[Dataset records — start]
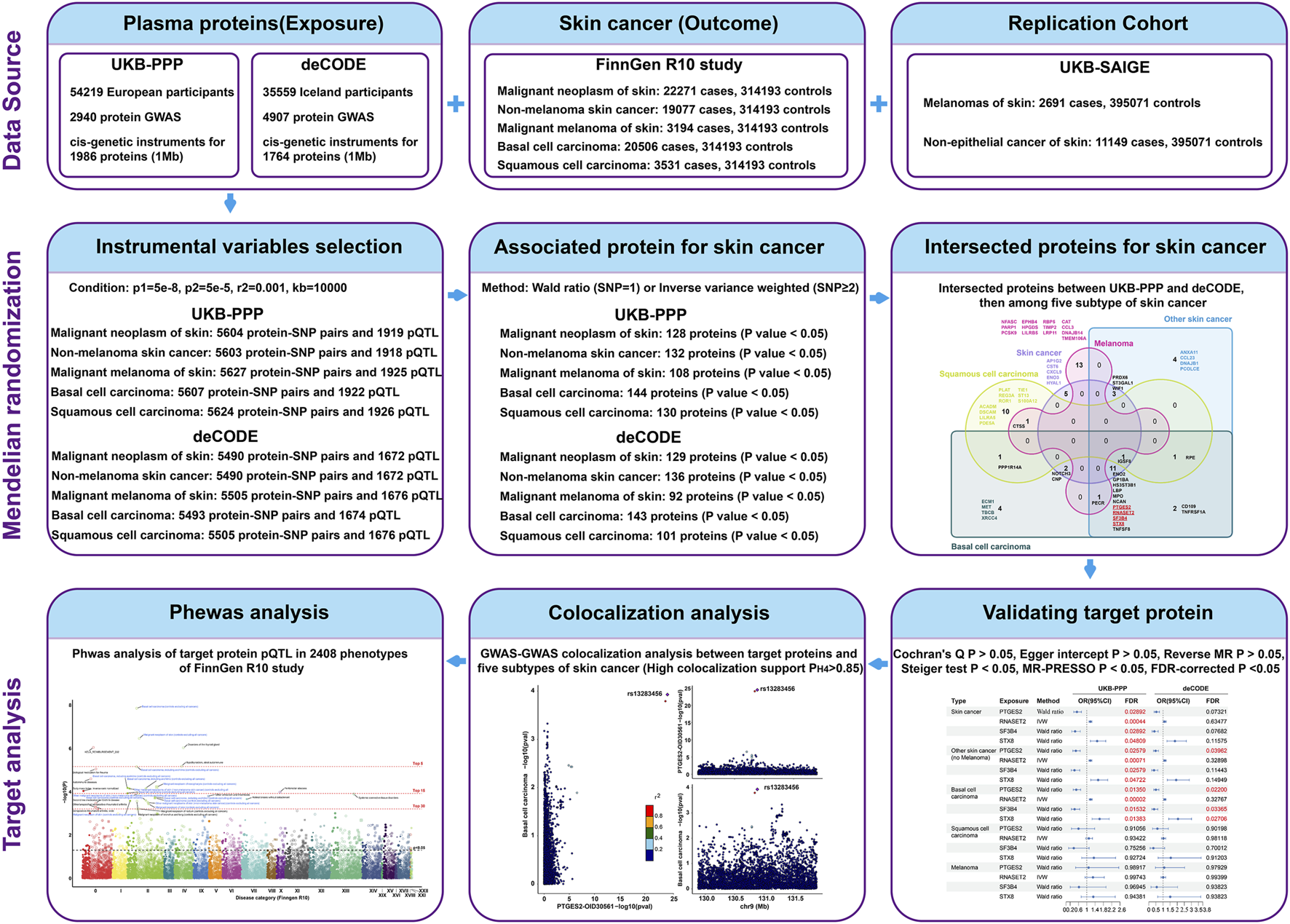 Proteome-wide mendelian randomization was performed using inverse-variance-weight and Wald Ratio methods, leveraging 1 Mb cis protein quantitative trait loci (cis-pQTLs) in the UK Biobank Pharma Proteomics Project (UKB-PPP) and the deCODE Health Study, to determine the causal relationship between plasma proteins and skin cancer and its subtypes in the FinnGen R10 study and the SAIGE database of Lee lab. Significant association with skin cancer and its subtypes was defined as a false discovery rate (FDR) < 0.05. pQTL to GWAS colocalization analysis was executed using a Bayesian model to evaluate five exclusive hypotheses. Strong colocalization evidence was defined as a posterior probability for shared causal variants (PP.H4) of ≥0.85. Mendelian randomization-Phenome-wide association studies (MR-PheWAS) were used to evaluate potential biomarkers and therapeutic targets for skin cancer and its subtypes within a phenome-wide human disease category.
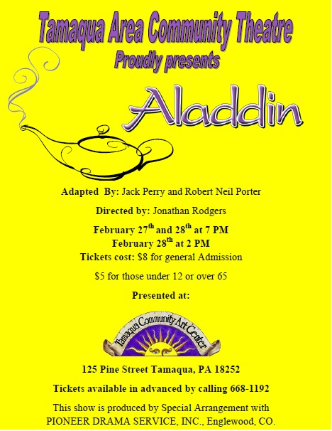 Members of the Tamaqua Area Community Theatre group are holding three showings of “Aladdin” this weekend at the Tamaqua Community Arts Center.
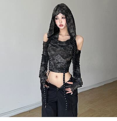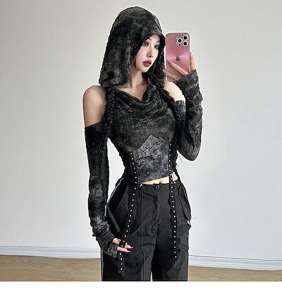2024 春夏トップス Tシャツ 韓国 ラウンドネック 長袖フード付き 着痩せ ショート スリム おしゃれ カジュアル風コーデ丈 ファッション系レディース 加工お出かけ T
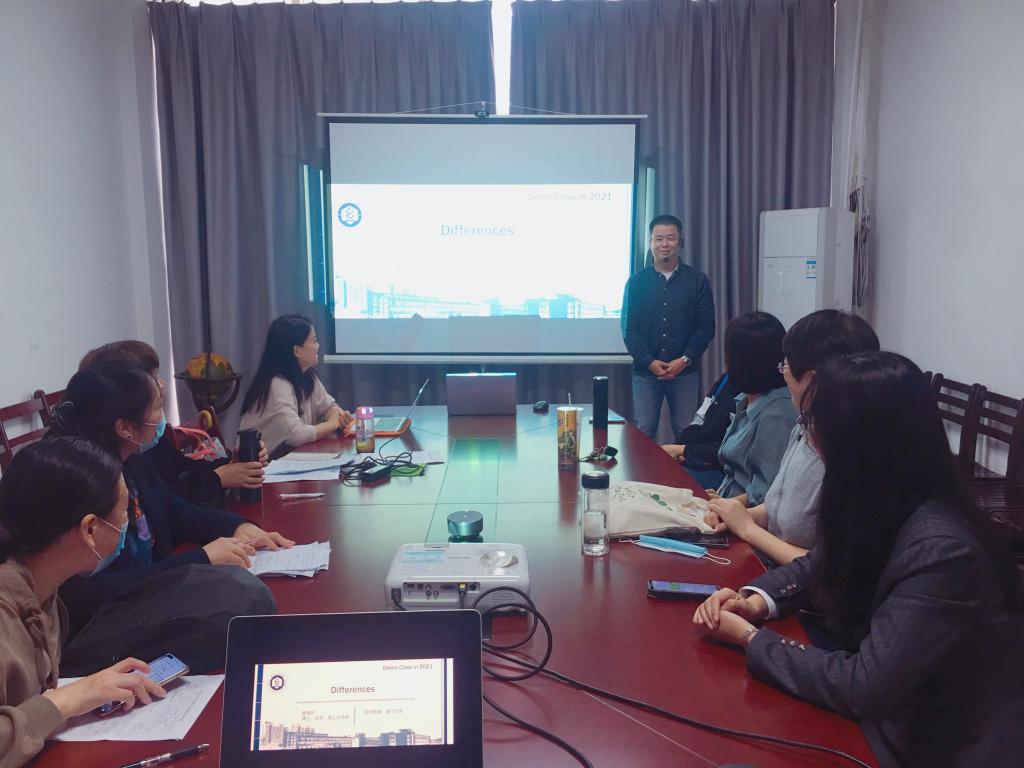 10月14日,英语系在04-313会议室举行了本学期第一次观摩课主题的教学分享会。主讲人是年轻教师曹福然博士,他介绍了本学期承担的两门课程——英语专业本科课程《英语口语I》和翻译硕士研究生课程《口译理论与技巧》的教学实践情况和不同阶段的教学反思,引出了以本硕课程的多维差异性为内核,从课堂内容、课程思政、教学组织等七个方面进行本硕教学充分对比研究的讨论。他精彩的分享体现了年轻博士教师在教学中的新思维、深思考、宽思路,受到与会教师的高度认可。
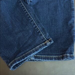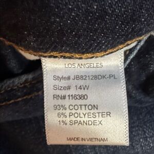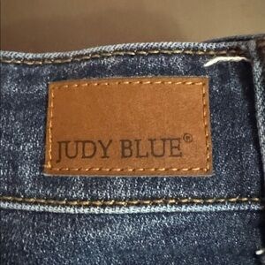 Classic dark blue denim with five-pocket styling. Subtle fading and tonal stitching. Leather Judy Blue logo patch at waistband. Versatile wardrobe staple with clean lines.
[Dataset records — finish]
A word-for-word restatement of all the lines above is needed, with the pictures omitted.

*Response to this task*:
 Proteome-wide mendelian randomization was performed using inverse-variance-weight and Wald Ratio methods, leveraging 1 Mb cis protein quantitative trait loci (cis-pQTLs) in the UK Biobank Pharma Proteomics Project (UKB-PPP) and the deCODE Health Study, to determine the causal relationship between plasma proteins and skin cancer and its subtypes in the FinnGen R10 study and the SAIGE database of Lee lab. Significant association with skin cancer and its subtypes was defined as a false discovery rate (FDR) < 0.05. pQTL to GWAS colocalization analysis was executed using a Bayesian model to evaluate five exclusive hypotheses. Strong colocalization evidence was defined as a posterior probability for shared causal variants (PP.H4) of ≥0.85. Mendelian randomization-Phenome-wide association studies (MR-PheWAS) were used to evaluate potential biomarkers and therapeutic targets for skin cancer and its subtypes within a phenome-wide human disease category.
 Members of the Tamaqua Area Community Theatre group are holding three showings of “Aladdin” this weekend at the Tamaqua Community Arts Center.
2024 春夏トップス Tシャツ 韓国 ラウンドネック 長袖フード付き 着痩せ ショート スリム おしゃれ カジュアル風コーデ丈 ファッション系レディース 加工お出かけ T
 10月14日,英语系在04-313会议室举行了本学期第一次观摩课主题的教学分享会。主讲人是年轻教师曹福然博士,他介绍了本学期承担的两门课程——英语专业本科课程《英语口语I》和翻译硕士研究生课程《口译理论与技巧》的教学实践情况和不同阶段的教学反思,引出了以本硕课程的多维差异性为内核,从课堂内容、课程思政、教学组织等七个方面进行本硕教学充分对比研究的讨论。他精彩的分享体现了年轻博士教师在教学中的新思维、深思考、宽思路,受到与会教师的高度认可。
 Classic dark blue denim with five-pocket styling. Subtle fading and tonal stitching. Leather Judy Blue logo patch at waistband. Versatile wardrobe staple with clean lines.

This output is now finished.